▶ **Data**

+ + + + + + +

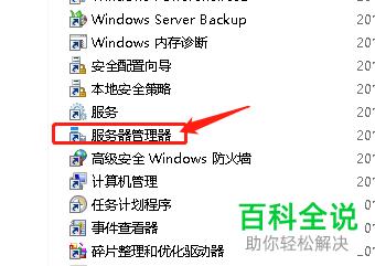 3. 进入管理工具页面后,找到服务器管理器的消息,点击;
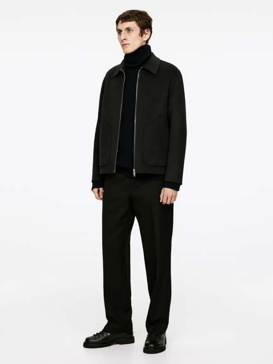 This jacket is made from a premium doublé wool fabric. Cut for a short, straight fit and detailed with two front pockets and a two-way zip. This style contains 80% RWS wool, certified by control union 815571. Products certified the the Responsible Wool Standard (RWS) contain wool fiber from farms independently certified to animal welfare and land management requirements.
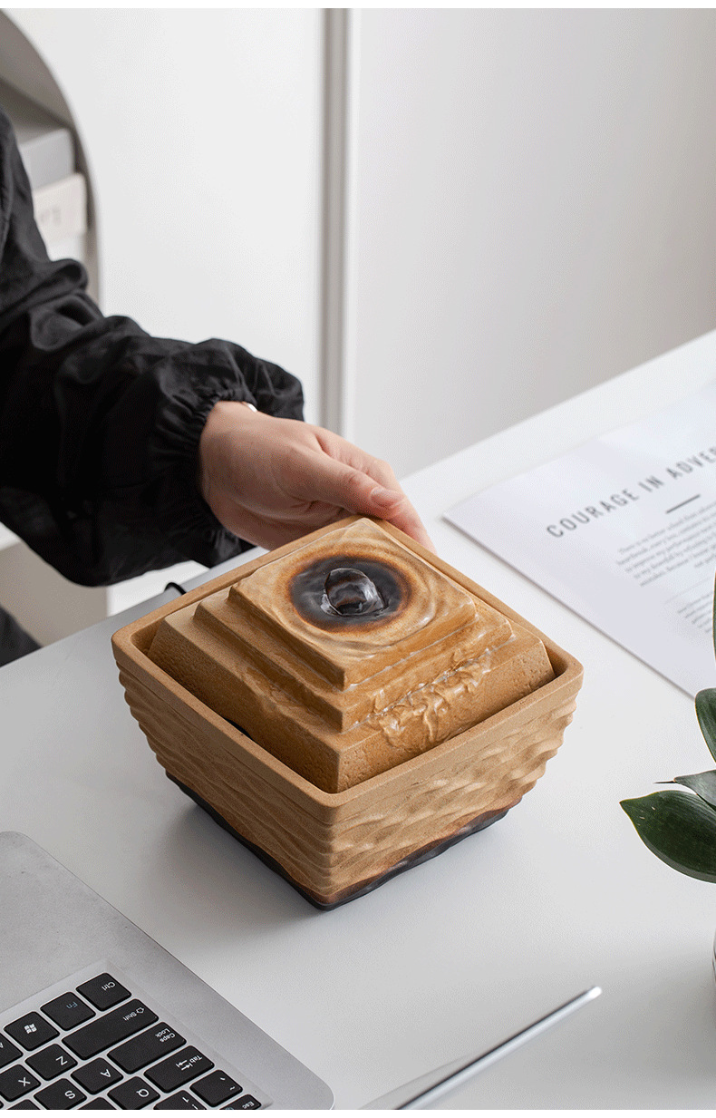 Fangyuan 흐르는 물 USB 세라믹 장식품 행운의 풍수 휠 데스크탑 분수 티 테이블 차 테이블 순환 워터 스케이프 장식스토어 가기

+ + + + + + +

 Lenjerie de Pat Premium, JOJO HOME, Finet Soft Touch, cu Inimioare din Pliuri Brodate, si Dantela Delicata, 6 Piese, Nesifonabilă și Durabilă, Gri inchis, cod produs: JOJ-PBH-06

+ + + + + + +

▶ **Your goal**
Copy exactly the lines of the listing above between the one holding "3. 进入管理工具页面后,找到服务器管理器的消息,点击;" and the one holding "Fangyuan 흐르는 물", inclusive; omit all pictures.

▶ **Answer to this task**
 3. 进入管理工具页面后,找到服务器管理器的消息,点击;
 This jacket is made from a premium doublé wool fabric. Cut for a short, straight fit and detailed with two front pockets and a two-way zip. This style contains 80% RWS wool, certified by control union 815571. Products certified the the Responsible Wool Standard (RWS) contain wool fiber from farms independently certified to animal welfare and land management requirements.
 Fangyuan 흐르는 물 USB 세라믹 장식품 행운의 풍수 휠 데스크탑 분수 티 테이블 차 테이블 순환 워터 스케이프 장식스토어 가기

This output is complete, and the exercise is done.